- [TASK BRIEF]: Pictures stay out of the output. Return exactly the lines below from the one with "Aerial Photo of" down to the one with "The Turkish sites", both included, and nothing more.

- [INFORMATION SHOWN]:
══════════════════════════════

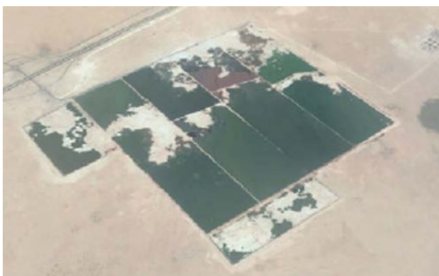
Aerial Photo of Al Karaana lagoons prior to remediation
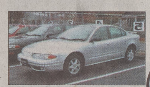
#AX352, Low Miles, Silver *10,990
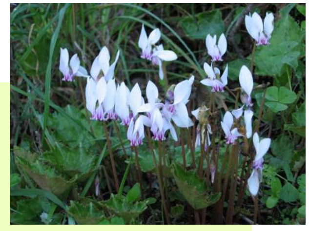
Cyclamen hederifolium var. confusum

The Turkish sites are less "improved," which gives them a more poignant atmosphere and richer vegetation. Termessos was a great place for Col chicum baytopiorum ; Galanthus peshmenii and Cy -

══════════════════════════════

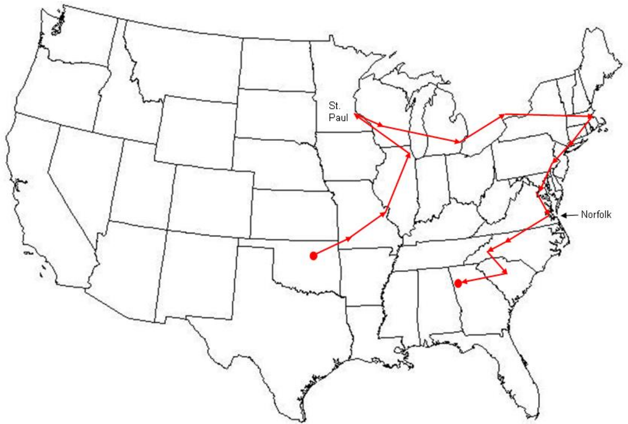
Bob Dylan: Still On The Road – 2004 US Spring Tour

══════════════════════════════

- [REPLY]:
Aerial Photo of Al Karaana lagoons prior to remediation
#AX352, Low Miles, Silver *10,990
Cyclamen hederifolium var. confusum

The Turkish sites are less "improved," which gives them a more poignant atmosphere and richer vegetation. Termessos was a great place for Col chicum baytopiorum ; Galanthus peshmenii and Cy -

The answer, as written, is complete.